Dataset excerpts
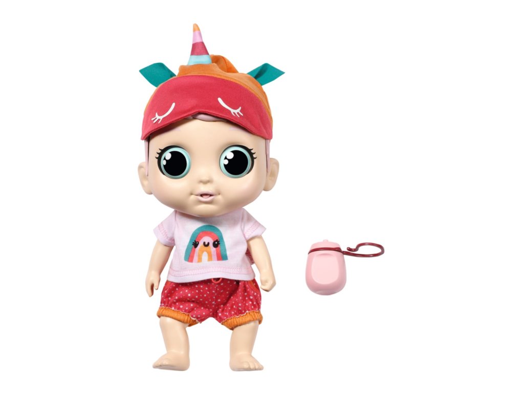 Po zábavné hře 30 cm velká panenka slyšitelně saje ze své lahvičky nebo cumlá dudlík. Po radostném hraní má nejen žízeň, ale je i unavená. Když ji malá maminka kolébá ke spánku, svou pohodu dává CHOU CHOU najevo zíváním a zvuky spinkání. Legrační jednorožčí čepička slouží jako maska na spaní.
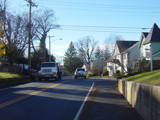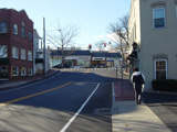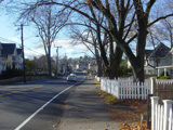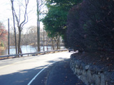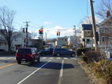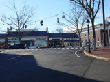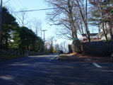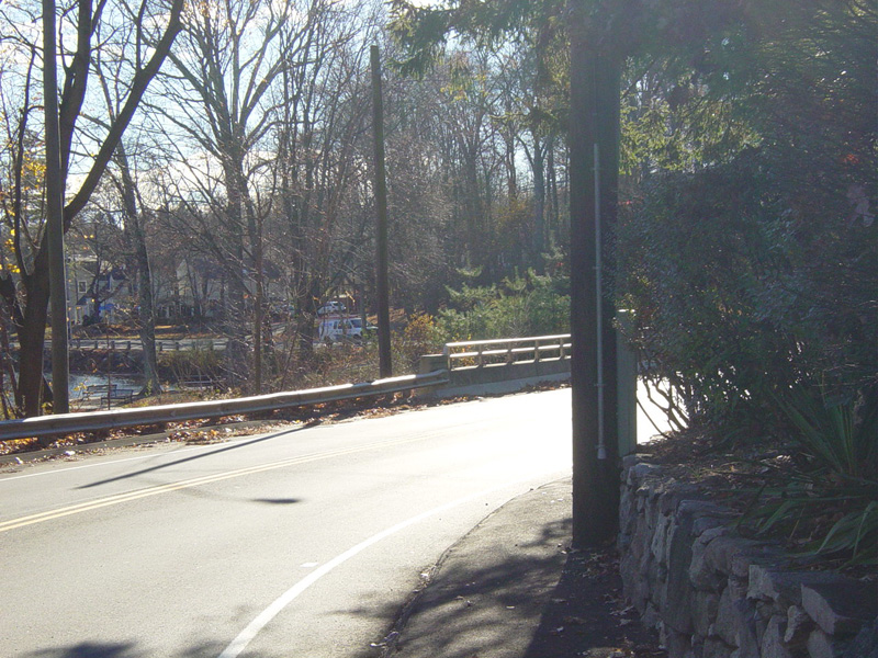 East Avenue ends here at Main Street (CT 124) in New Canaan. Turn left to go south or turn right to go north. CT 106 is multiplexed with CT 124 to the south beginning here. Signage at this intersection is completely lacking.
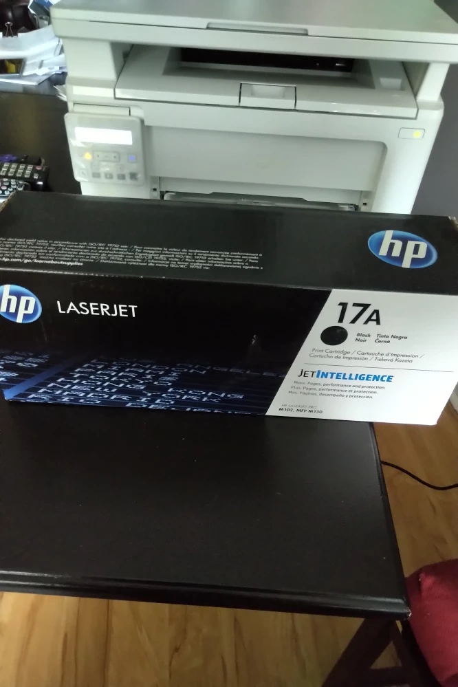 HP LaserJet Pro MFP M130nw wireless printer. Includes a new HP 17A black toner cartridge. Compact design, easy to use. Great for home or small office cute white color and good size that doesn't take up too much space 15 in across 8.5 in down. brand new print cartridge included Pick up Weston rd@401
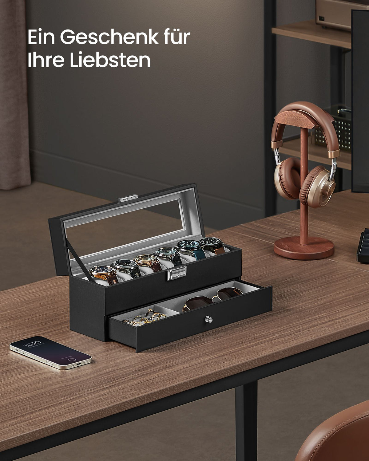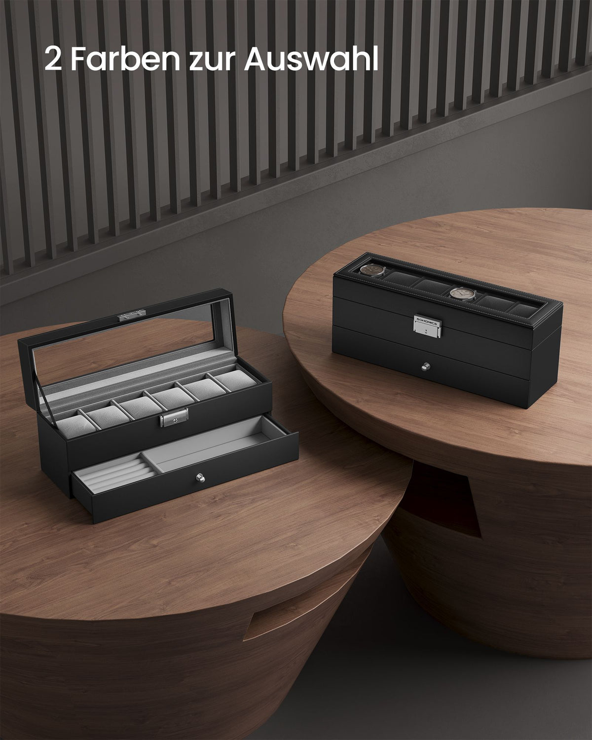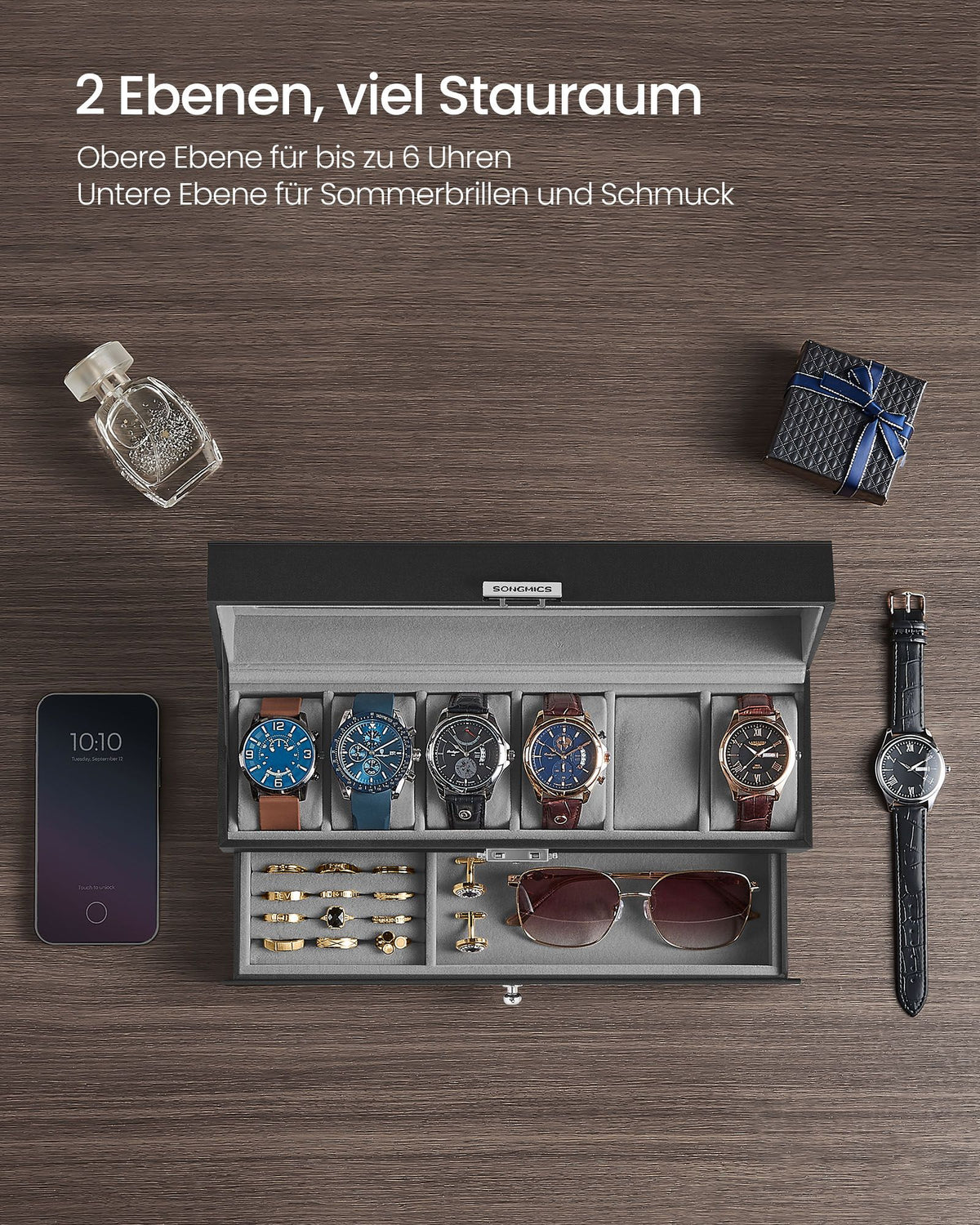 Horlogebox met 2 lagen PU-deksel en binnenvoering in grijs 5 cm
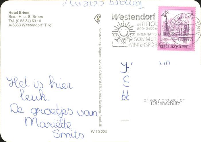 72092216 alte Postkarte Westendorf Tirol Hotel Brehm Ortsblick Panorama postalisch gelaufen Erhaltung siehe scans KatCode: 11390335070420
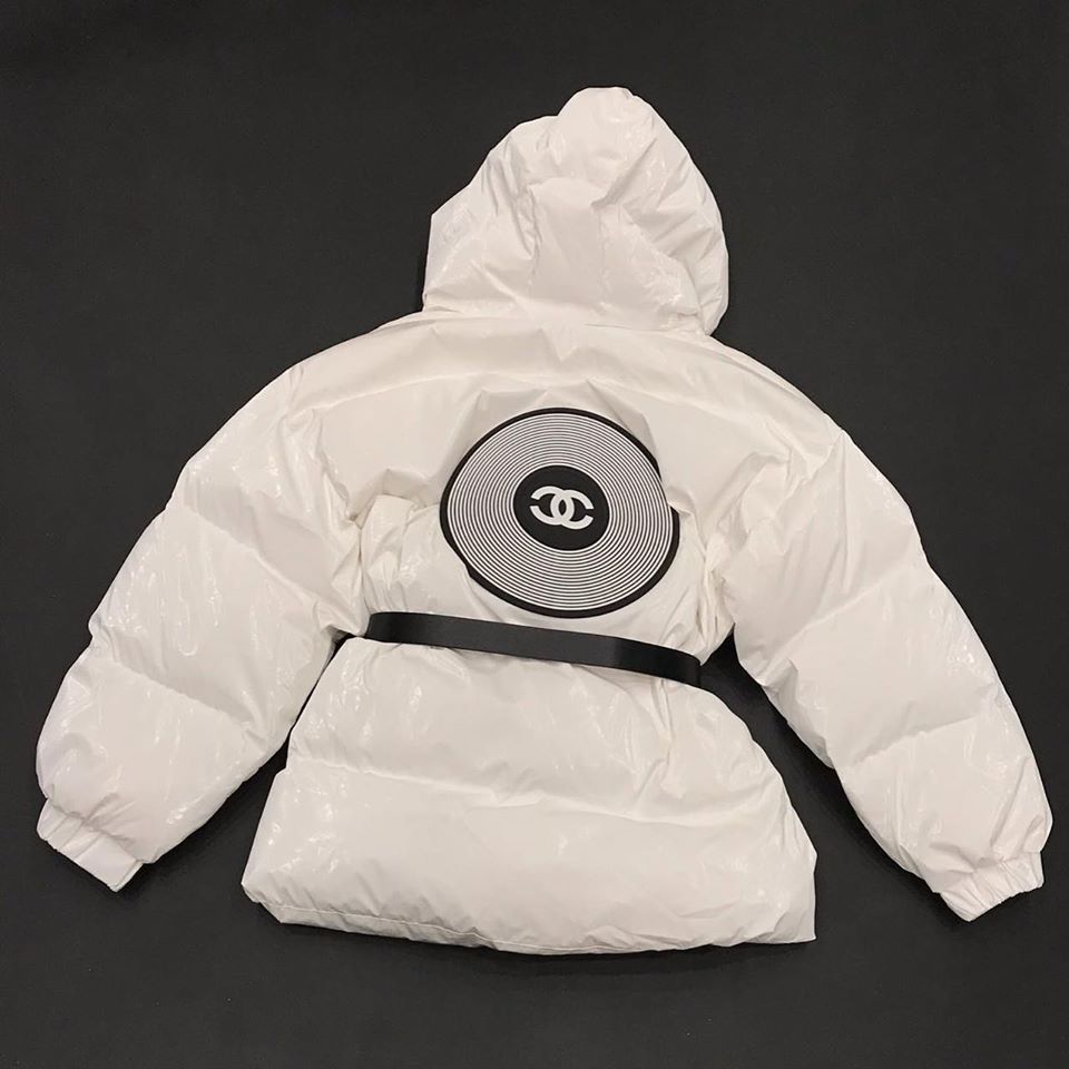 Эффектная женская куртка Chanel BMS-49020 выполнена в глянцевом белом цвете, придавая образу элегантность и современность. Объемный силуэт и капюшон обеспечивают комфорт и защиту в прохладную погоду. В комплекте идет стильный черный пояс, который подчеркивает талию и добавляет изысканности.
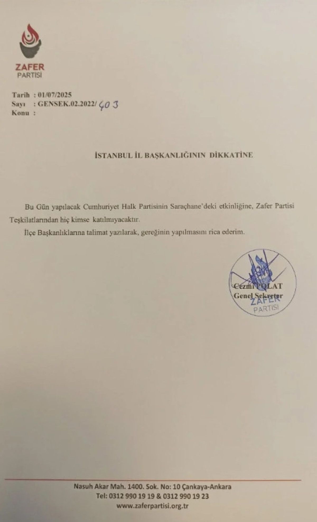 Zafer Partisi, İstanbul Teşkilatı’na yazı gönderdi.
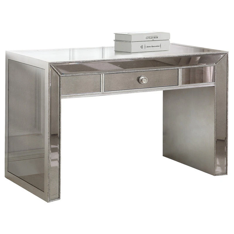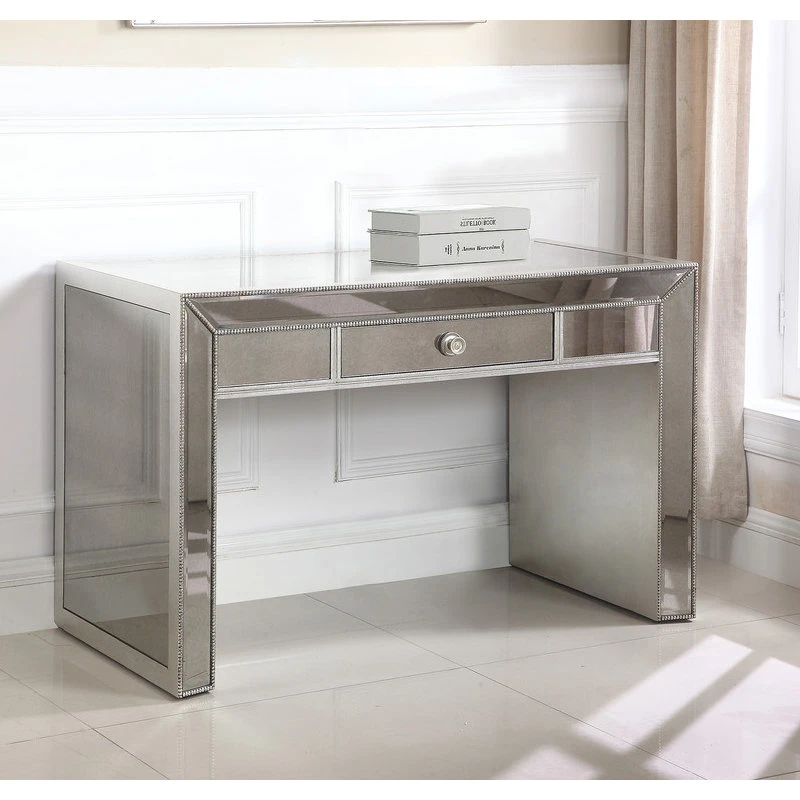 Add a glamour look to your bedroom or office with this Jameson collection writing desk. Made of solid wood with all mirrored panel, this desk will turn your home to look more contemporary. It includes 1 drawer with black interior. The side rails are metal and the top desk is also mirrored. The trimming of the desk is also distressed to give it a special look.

→ **Work order**:
No picture is to be printed. Output exactly the lines above from the line containing "East Avenue ends" through the line containing "72092216 alte Postkarte".

→ **Response to the task**:
 East Avenue ends here at Main Street (CT 124) in New Canaan. Turn left to go south or turn right to go north. CT 106 is multiplexed with CT 124 to the south beginning here. Signage at this intersection is completely lacking.
 HP LaserJet Pro MFP M130nw wireless printer. Includes a new HP 17A black toner cartridge. Compact design, easy to use. Great for home or small office cute white color and good size that doesn't take up too much space 15 in across 8.5 in down. brand new print cartridge included Pick up Weston rd@401
 Horlogebox met 2 lagen PU-deksel en binnenvoering in grijs 5 cm
 72092216 alte Postkarte Westendorf Tirol Hotel Brehm Ortsblick Panorama postalisch gelaufen Erhaltung siehe scans KatCode: 11390335070420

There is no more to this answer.